*** Data supplied Section Begins ***

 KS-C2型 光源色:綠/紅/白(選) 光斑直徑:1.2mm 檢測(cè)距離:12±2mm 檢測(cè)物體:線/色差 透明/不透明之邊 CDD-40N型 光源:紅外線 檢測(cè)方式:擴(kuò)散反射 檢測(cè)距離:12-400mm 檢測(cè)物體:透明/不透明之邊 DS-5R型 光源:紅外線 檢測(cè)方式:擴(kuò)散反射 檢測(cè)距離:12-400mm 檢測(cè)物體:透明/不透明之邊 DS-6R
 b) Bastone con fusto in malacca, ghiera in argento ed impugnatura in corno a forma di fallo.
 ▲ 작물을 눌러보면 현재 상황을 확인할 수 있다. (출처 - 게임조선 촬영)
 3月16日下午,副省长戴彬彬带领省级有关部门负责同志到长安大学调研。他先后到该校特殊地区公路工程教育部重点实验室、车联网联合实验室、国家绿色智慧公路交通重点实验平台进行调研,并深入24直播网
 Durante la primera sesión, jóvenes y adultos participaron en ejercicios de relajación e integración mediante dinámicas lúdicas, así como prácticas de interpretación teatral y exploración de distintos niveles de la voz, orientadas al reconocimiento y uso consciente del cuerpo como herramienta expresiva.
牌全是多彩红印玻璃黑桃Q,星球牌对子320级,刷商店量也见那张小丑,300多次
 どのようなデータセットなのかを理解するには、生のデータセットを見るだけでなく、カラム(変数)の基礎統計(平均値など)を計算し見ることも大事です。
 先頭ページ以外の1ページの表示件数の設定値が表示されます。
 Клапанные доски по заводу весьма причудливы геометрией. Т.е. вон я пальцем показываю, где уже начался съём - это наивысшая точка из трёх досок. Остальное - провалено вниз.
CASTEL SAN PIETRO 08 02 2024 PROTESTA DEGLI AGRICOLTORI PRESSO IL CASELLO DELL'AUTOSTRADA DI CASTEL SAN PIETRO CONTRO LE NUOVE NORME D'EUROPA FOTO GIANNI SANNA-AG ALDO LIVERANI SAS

*** Data supplied Section Ends ***

Work to be completed: Reproduce the entries above exactly, starting at their first line and finishing with the line that contains "Durante la primera".

Solution to the exercise:
 KS-C2型 光源色:綠/紅/白(選) 光斑直徑:1.2mm 檢測(cè)距離:12±2mm 檢測(cè)物體:線/色差 透明/不透明之邊 CDD-40N型 光源:紅外線 檢測(cè)方式:擴(kuò)散反射 檢測(cè)距離:12-400mm 檢測(cè)物體:透明/不透明之邊 DS-5R型 光源:紅外線 檢測(cè)方式:擴(kuò)散反射 檢測(cè)距離:12-400mm 檢測(cè)物體:透明/不透明之邊 DS-6R
 b) Bastone con fusto in malacca, ghiera in argento ed impugnatura in corno a forma di fallo.
 ▲ 작물을 눌러보면 현재 상황을 확인할 수 있다. (출처 - 게임조선 촬영)
 3月16日下午,副省长戴彬彬带领省级有关部门负责同志到长安大学调研。他先后到该校特殊地区公路工程教育部重点实验室、车联网联合实验室、国家绿色智慧公路交通重点实验平台进行调研,并深入24直播网
 Durante la primera sesión, jóvenes y adultos participaron en ejercicios de relajación e integración mediante dinámicas lúdicas, así como prácticas de interpretación teatral y exploración de distintos niveles de la voz, orientadas al reconocimiento y uso consciente del cuerpo como herramienta expresiva.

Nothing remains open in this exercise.